After filing a brief on the innocence claims of Troy Davis, who sits on death row and faces execution despite substantial evidence of actual innocence, before the Georgia Supreme Court in 2007, this month the Houston Institute filed a brief before the U.S. Supreme Court on behalf of 27 former judges and prosecutors. We argue that in examining whether exercising jurisdiction and demanding further evidentiary proceedings are warranted, the Supreme Court should consider the sui generis quantum of new evidence of “actual innocence” in Mr. Davis’ case, the unavailability of further judicial or other remedies, and the profound consternation within the courts as to whether he is actually innocent but without an adequate opportunity for judicial review.
Read our brief before the U.S. Supreme Court:
As Bob Herbert wrote in the New York Times:
This week Mr. Davis’s lawyers, led by Mr. Ewart of the Arnold & Porter law firm in Washington, filed a last-ditch, long-shot petition with the Supreme Court, asking it to intervene and allow Mr. Davis’s claims of innocence to be fully examined.

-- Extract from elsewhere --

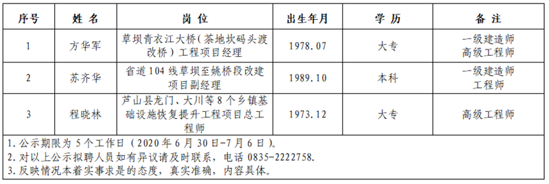 雅安市交通建设(集团)有限责任公司拟聘用人员公示(项目管理公司人才引进)

An extraordinary group of 27 former judges and prosecutors joined in an amicus brief in support of the petition. Among those who signed on were William Sessions, the former director of the F.B.I.; Larry Thompson, a U.S. attorney general from 2001-2003; the former Congressman Bob Barr, who was the U.S. attorney for the Northern District of Georgia from 1986-1990; and Rudolph Gerber, who was an Arizona trial and court of appeals judge from 1979-2001.
The counsel of record for the amicus brief is the Harvard law professor Charles Ogletree. The brief asserts that the Supreme Court should intervene “because Mr. Davis can make an extraordinary showing through new, never reviewed evidence that strongly points to his innocence, and thus his execution would violate the Constitution.”